ЕМУ НЕОБХОДИМО ухватиться за что-то, а за что же ухватится он? Счастливый Замятин шлёт ему весточку из Монако с прекрасным видом на море, обратным адресом обозначена какая-то вилла, скоро едет в Париж, то есть в Париже уже, в Америку собирается, беззаботно так пишет, игриво и весело:
“Дорогой Мольер, мы сидим в кафе в Монако и вспоминаем Вас.
Какие лица! Какой материал для Вашего пера!
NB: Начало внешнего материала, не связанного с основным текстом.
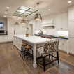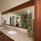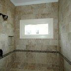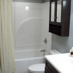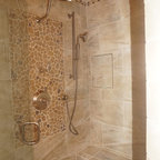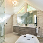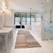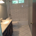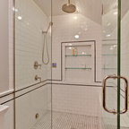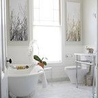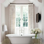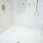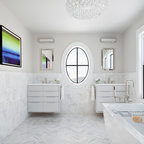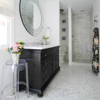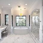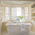 Ejemplo de cuarto de baño principal, tradicional, grande, con armarios estilo shaker, puertas de armario blancas, bañera exenta, baldosas y/o azulejos blancos, baldosas y/o azulejos de piedra, lavabo tipo consola, paredes blancas y suelo con mosaicos de baldosas — Houzz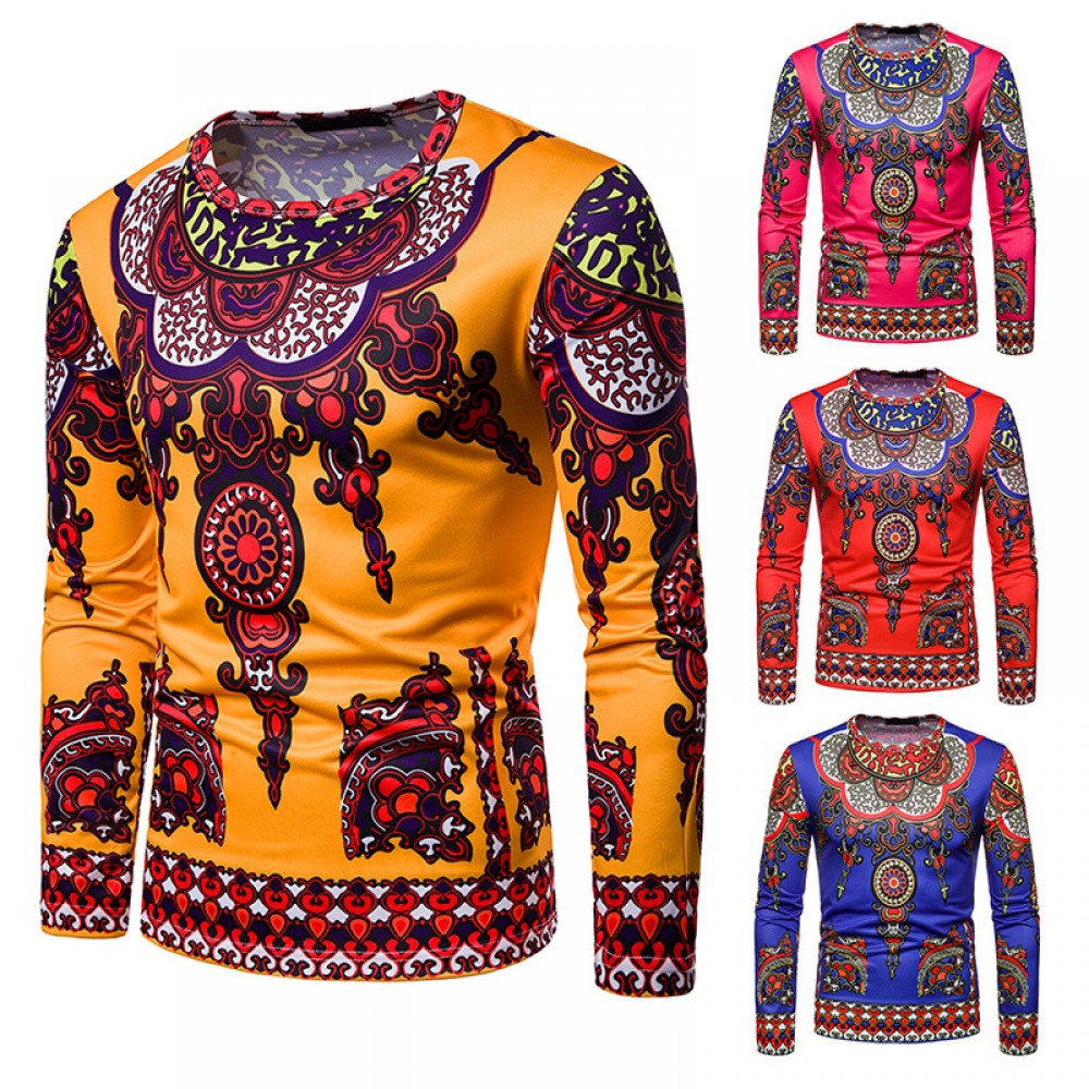 3D Ethnic Style Printing Long-Sleeved Round Neck T-Shirt

Радуюсь, что оно не работает вхолостую (читал о возобновлении “Турбиных”)...”
А ему к зиме негде жить, и он торчит в каком-то закутке киностудии и перекраивает диалоги в звуковом фильме “Восстание рыбаков”, чтобы немного заработать на хлеб.
И отвечает коротко, скупо, не о блистательном возрождении “Дней Турбиных”, не о чернейшем несчастье с “Мольером”, а всего лишь о том, что время идёт, безудержно катится в Лету и что он постарел.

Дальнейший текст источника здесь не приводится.